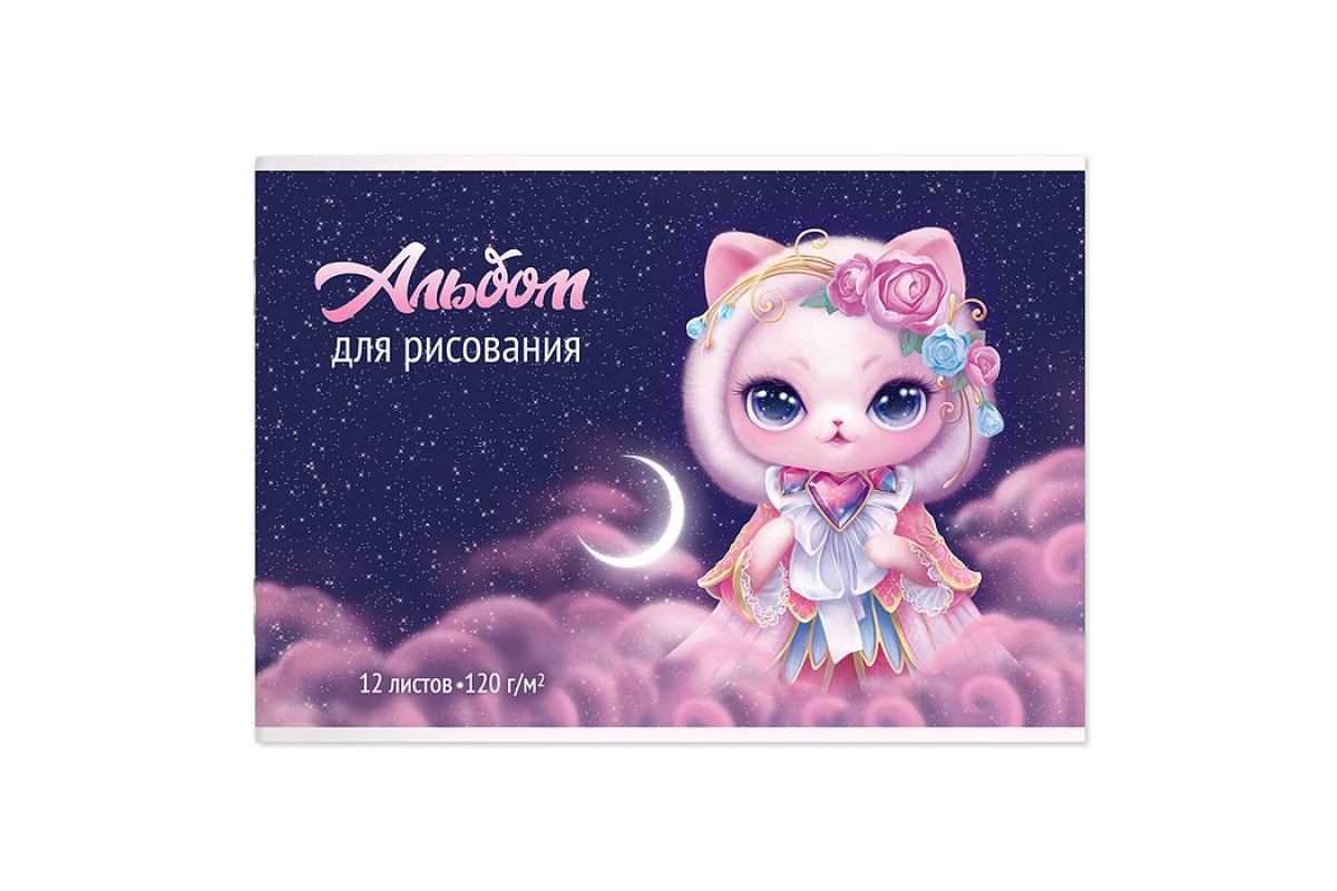 Альбом для рисования 12 л, А4 "Кошка-принцесса" 120 г/м².
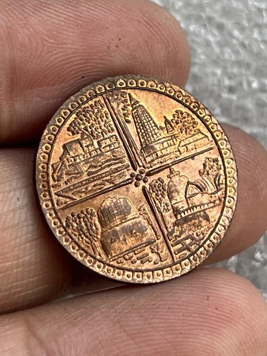 เหรียญตามรอยบาทพระศาสดา ผิวไฟแดงหน้า-หลัง
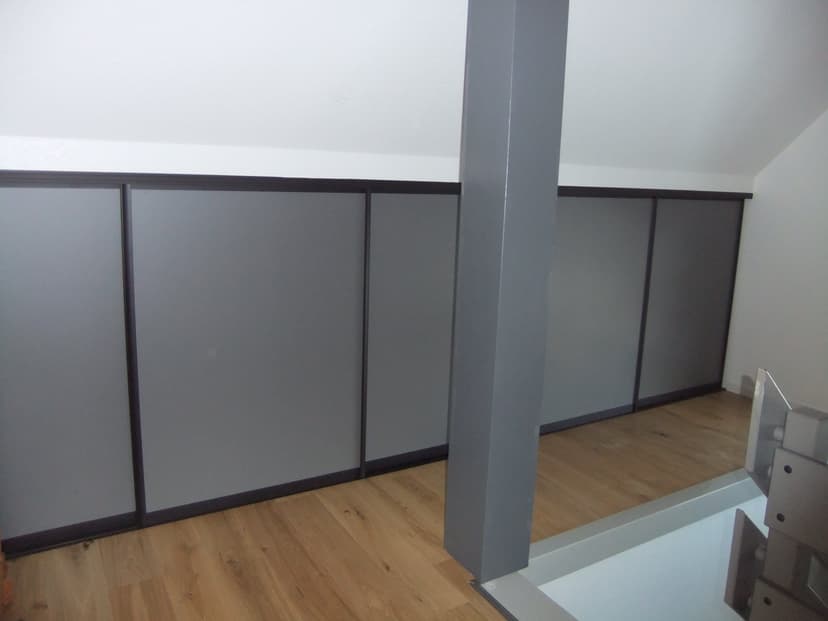 Dunkelgraue Holzschiebetüren unter Dachschrägen
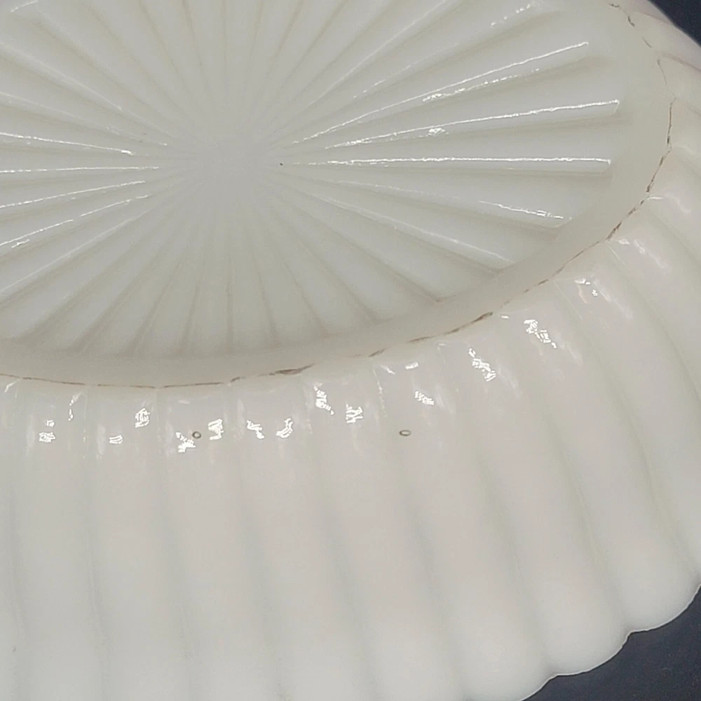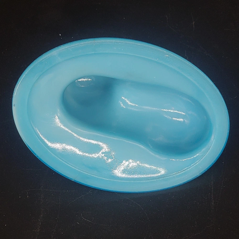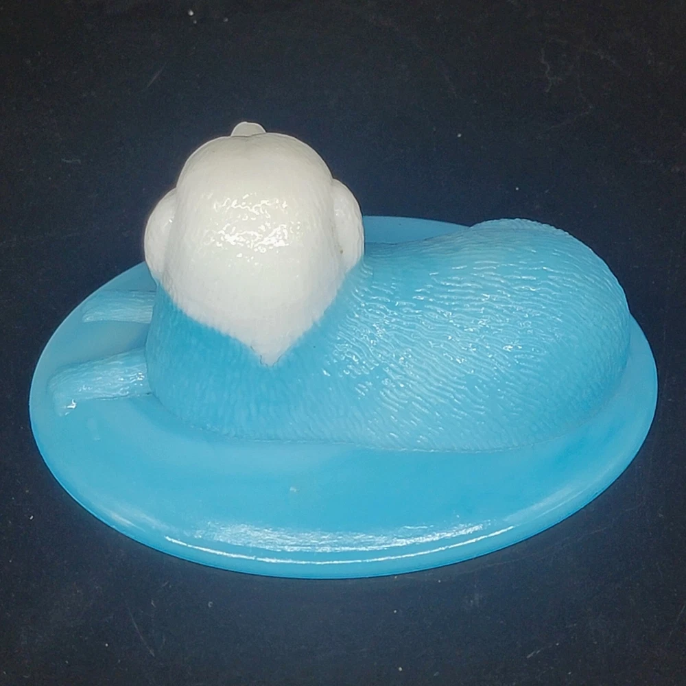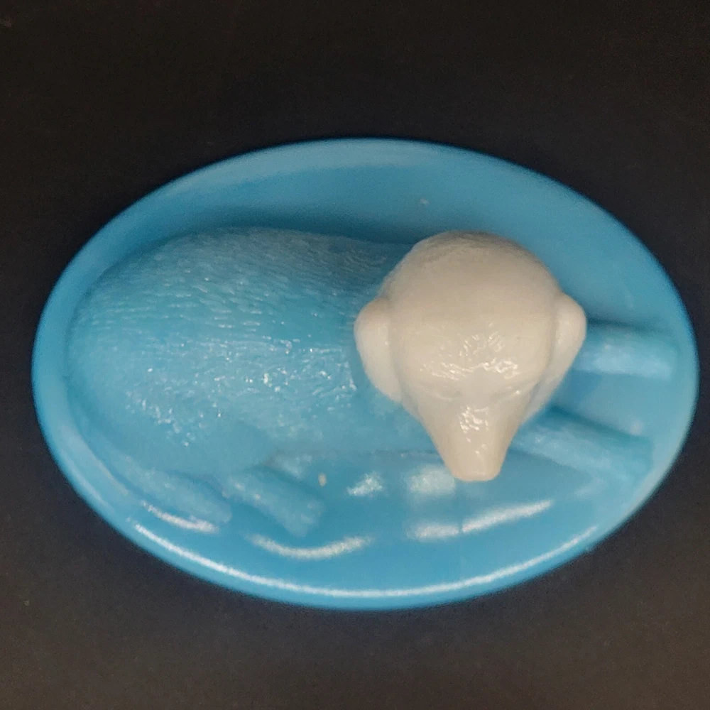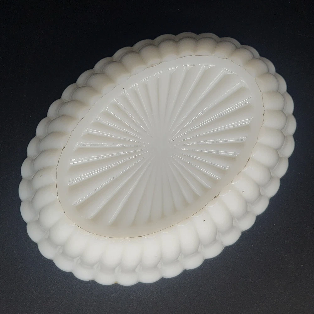 Vintage Westmoreland milk glass covered dish showcases a nicely-marked dog motif. The charming oval-shaped piece, measuring 5.25 inches in length and 4-1/8 inches in height, features a slag glass design in a serene shade of blue, complemented by a vertical rib base that adds a touch of elegance. The lid is inscribed with the number "4" and the dish with the number "5". This decorative candy dish or trinket box originated in the United States, and is a testament to the timeless craftsmanship of the Westmoreland brand.
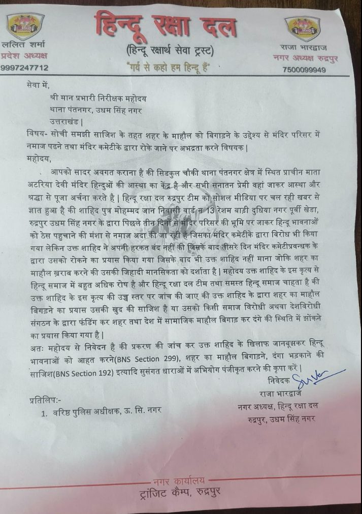 Pant Nagar police confirmed to Alt News that the incident occurred on February 24, 2026, and Arvind Sharma, the manager of the Atariya Mata temple, was the accused. According to police, the field where Shahid was praying belonged to Sharma. They stated that the charges against Sharma did not result in arrest or detention. The allegations include physical violence, verbal abuse, and intimidation with the intent to cause death. The case was still under investigation, they said.
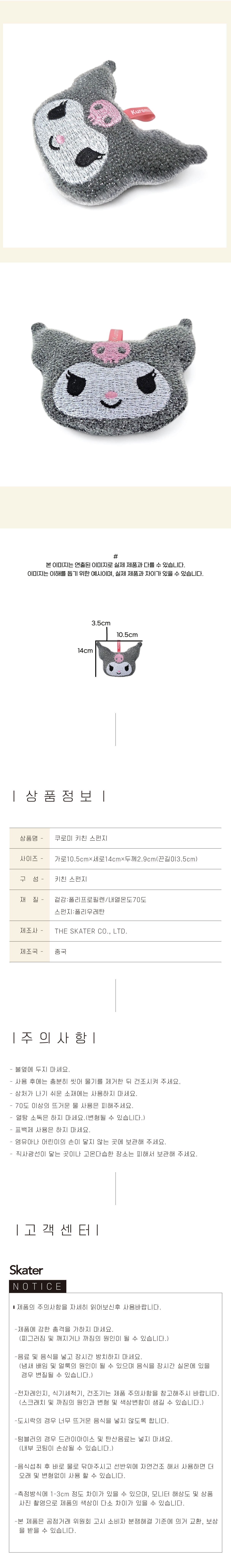 | 품명 및 모델명 | 쿠로미 키친 스펀지 | ||
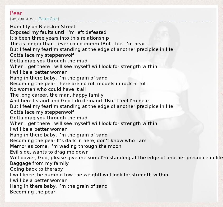 Humility on Bleecker Street Exposed my faults until I'm left defeated It's been three years into this relationship This is longer than I ever could commitBut I feel I'm near But I feel my fearI'm standing at the edge of another precipice in life Gotta face my steppenwolf Gotta drag you through the mud When I get there I will see myselfI will look for strength within I will be a better woman Hang in there baby, I'm the grain of sand Becoming the pearlThere are no roll models in rock n' roll No women who could have it all The long career, the man, happy family And here I stand and God I do demand itBut I feel I'm near But I feel my fearI'm standing at the edge of another precipice in life Gotta face my steppenwolf Gotta drag you through the mud When I get there I will see myselfI will look for strength within I will be a better woman Hang in there baby, I'm the grain of sand Becoming the pearlIt's dark in here, don't know who I am Memories come, I'm wading through the moon Evil side, wants to drag me down Will power, God, please give me someI'm standing at the edge of another precipice in life Baggage from my family Going back to therapy I will kneel be humble tow the weightI will look for strength within I will be a better woman Hang in there baby, I'm the grain of sand Becoming the pearl
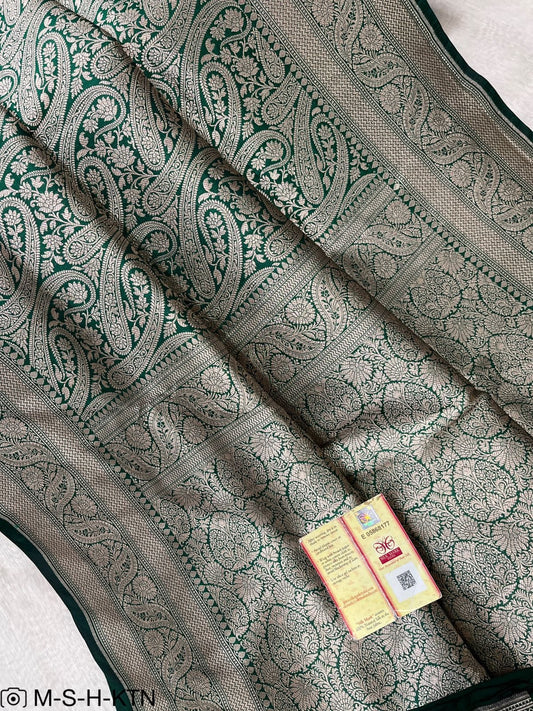 Green Pure Handwoven Katan Cutwork Banarasi Saree
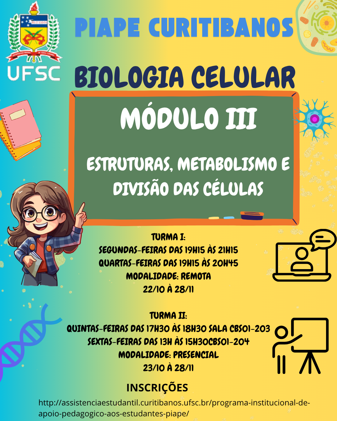 Inscrições: https://inscricoes.ufsc.br/piape-cbs-bioquimica-minicurso-rev

▶ [What to do]: Without the pictures, repeat the line with "Green Pure Handwoven" and every line after it to the end of the listing, and nothing else.

▶ [Solution for this task]:
 Green Pure Handwoven Katan Cutwork Banarasi Saree
 Inscrições: https://inscricoes.ufsc.br/piape-cbs-bioquimica-minicurso-rev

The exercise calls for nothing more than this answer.